Die Fledermaus

And the Band Played On

March 20, 2019By Heidi EllisonMusic
Adriana Gonzalez as Rosalinde and Liubov Medvedeva as Adele in Die Fledermaus.
Adriana Gonzalez as Rosalinde and Liubov Medvedeva as Adele in Die Fledermaus. © Elizabeth Carecchio

A sparkling production of Johann Strauss the Younger‘s Die Fledermaus by the Academy of the Paris Opera is being performed at the MC 93 theater in the Paris suburb of Bobigny before touring four French cities. With a terrific cast and orchestra, the joyous operetta is marred only by a weird directorial intervention. 
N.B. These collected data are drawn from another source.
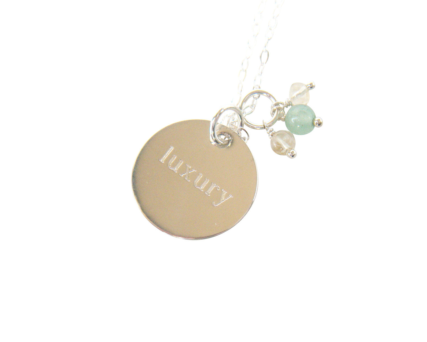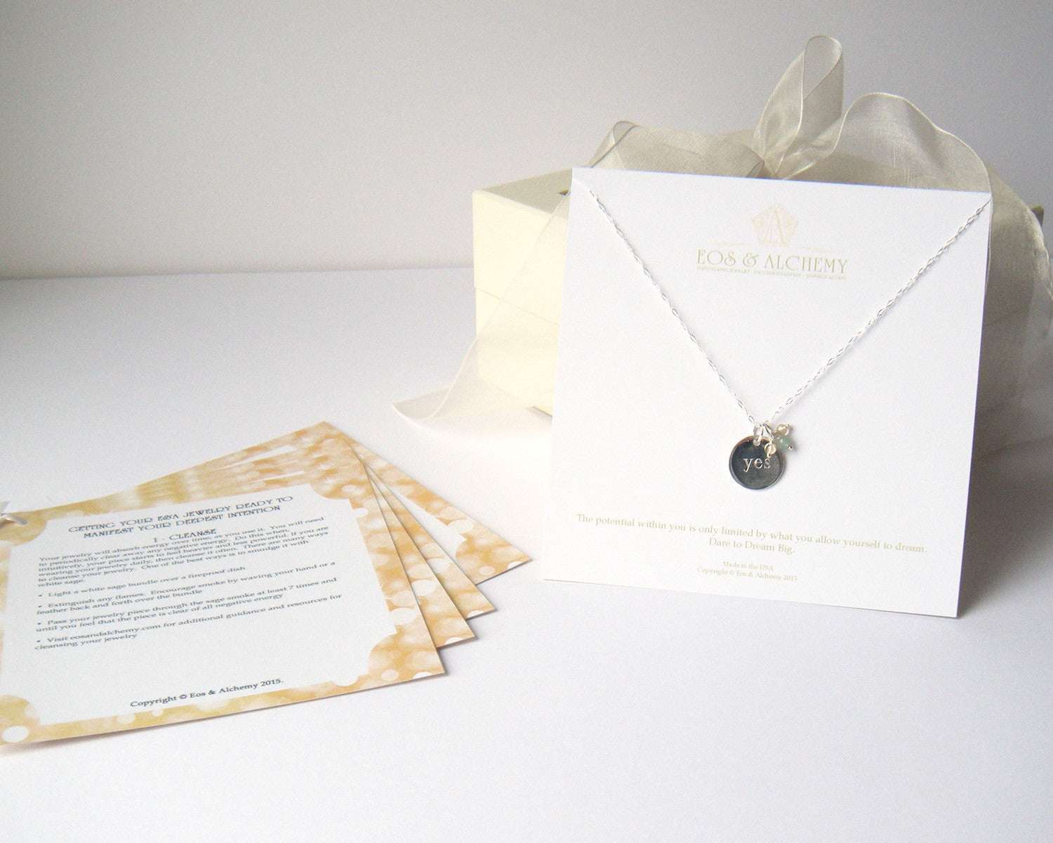 A sterling silver disc dangles from the sterling silver chain with the word 'yes' engraved on one side and your secret intention engraved just for you on the opposite side. Why 'yes'? Because by saying 'yes', you are telling The Universe that you are open and ready to make things happen. You can choose from a variety of intentions or choose a custom intention up to 8 letters/digits.
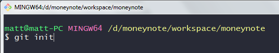 安裝Git Bash工具,然後開啟並將所在目錄移至moneynote專案的存放目錄,也就是D:\moneynote\workspace\moneynote,然後輸入git init指令來將此目錄初始為git repository。
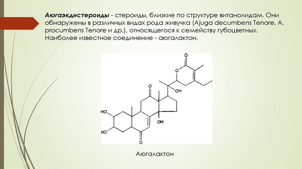Аюгаэкдистероиды - стероиды, близкие по структуре витанолидам. Ониобнаружены в различных видах рода живучка (Ajuga decumbens Tenore, A.

The evening begins not with music and song as one might expect but with a recording of a woman’s voice (she doesn’t identify herself but is presumably the director, Célie Pauthe), talking about her research in preparation for staging the opera. She recounts how she discovered that Strauss had a Jewish ancestor and that the Nazis, who saw his music as “so German,” went to great lengths to cover up this fact, going so far as to doctor the wedding records of the waltz king’s Jewish great-grandfather. 

She also discovered that the opera had been performed in the Terezin (or Theresienstadt) concentration camp, where many leading artists and performers were interned, in 1944. To make sure that this would be kept in mind throughout the performance, the backdrop for the action is a film of the grim gray walls of Terezin, once a fortress. 

Finally the opera begins, all lighthearted comedy with its complicated plot and many characters in disguise, marked by impressive performances by the youthful cast. The production I saw featured the B cast, with Adriana Gonzalez a brilliant Rosalinde and standout performances by Timothée Varon as Gabriel von Eisenstein, Liubov Medvedeva as Adele and Farrah El Dibany as Prince Orlofsky. The reduced orchestra, conducted by Fayçal Karoui, was also superb. 

The champagne party scene in Die Fledermaus. © Elizabeth Carecchio
The champagne party scene in Die Fledermaus. © Elizabeth Carecchio

I loved the economical yet colorful staging as well, with its simple props and costumes, which was evocative rather than spelling everything out. For the party scene, for example, a few frilly dresses, a top hat and lots of colorful confetti thrown into the air were enough to set the scene, while plastic sheeting hung over a rod represented a wall between rooms. 

The concentration camp rears its ugly head again just when we were expecting the third act to wind up the operetta. Instead, we are confronted with an actor (or should I say an over-actor?), who explains that the Nazis used Terezin as a model camp to present a false impression of conditions in their camps to the world. He shows excerpts from a film of men, women and children laughing, playing and performing happily in the camp, with the label “Staged Nazi Film” on it. 

As horrific as all that is, it’s hard to understand what it is doing in the middle of the performance. I felt like a schoolkid being lectured to. The message is a vital one, of course, but weren’t the recorded introduction and the film of the camp’s walls enough to get it across? The subtlety of the production was belied by this interruption, which seemed all the more jarring as Die Fledermaus continued on its merry way to a happy ending. 

That aside, a huge bravo to everyone involved in this boffo production.